The Server Edition has more long lived instances than CoreOS and Cloud which is not surprising since they both target platforms and infrastructure that make it easy to re-provision the machine. Another interesting fact is the growth of CoreOS which is getting good adoption.

  • Number of instances per edition that have been running for longer than 1 week per Fedora release.

This graph shows the repartition of each edition for each Fedora release. With my Fedora CoreOS filter on, this tells me that FCOS automatic updates and stream release model does a great job at keeping users on a supported version.

One thing to note is that the OKD project stabilizes a minor version on a specific version of Fedora. For example, OKD 4.10 is using FCOS based on Fedora 35, OKD 4.11 is using FCOS based on Fedora 36 etc …

  • Number of instances per editions that have been running for longer than 1 week per Fedora architecture.

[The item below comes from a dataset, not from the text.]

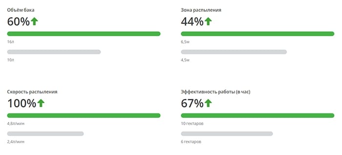 Выдающиеся полётные характеристики позволяют T16 переносить до 16 л, а зона распыления увеличилась до 6,5 м. Система распыления имеет четыре помпы и 8 разбрызгивателей с максимальной скоростью распыления в 4,8л/мин. T16 способен опрыскивать до 10 гектаров в час.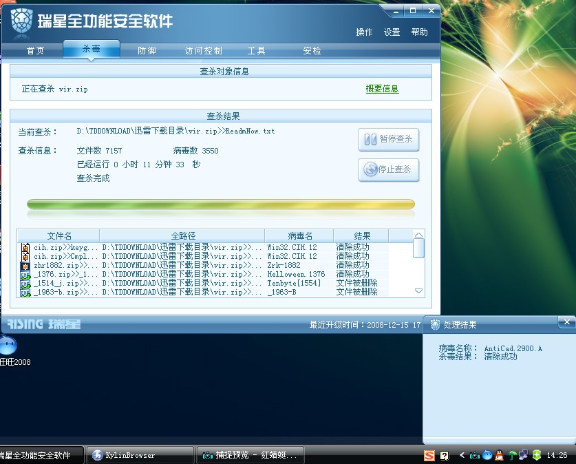 测试卡巴全能与瑞星全能杀毒对比!

Finally this is the repartition of each edition for each supported architecture (I removed armhfp which was only present in the Server edition). There are no big surprises in seeing a low number of FCOS instances in IBM Z and PowerPC since we only have enabled Z recently and are still working towards building consistently ppc64le for FCOS.
However, I was really surprised about how popular Fedora CoreOS on aarch64 is. There might be a few reasons for it:

  • It is possible that FCOS is quite a popular choice for raspberry pi and other Arm64 small form factor computers.
  • FCOS is easily accessible on public cloud providers that offer Arm64 instances.

It is good to note that the second point is also true for the Cloud edition tho.

Anyway, I just wanted to share these statistics with you and start a discussion. What are you making of these? Anything else that you are curious about?

[1] - You can access the weekly countme stats dump from https://data-analysis.fedoraproject.org/csv-reports/countme/ and https://www.pagure.io/mirrors-countme to learn more about how to parse the data.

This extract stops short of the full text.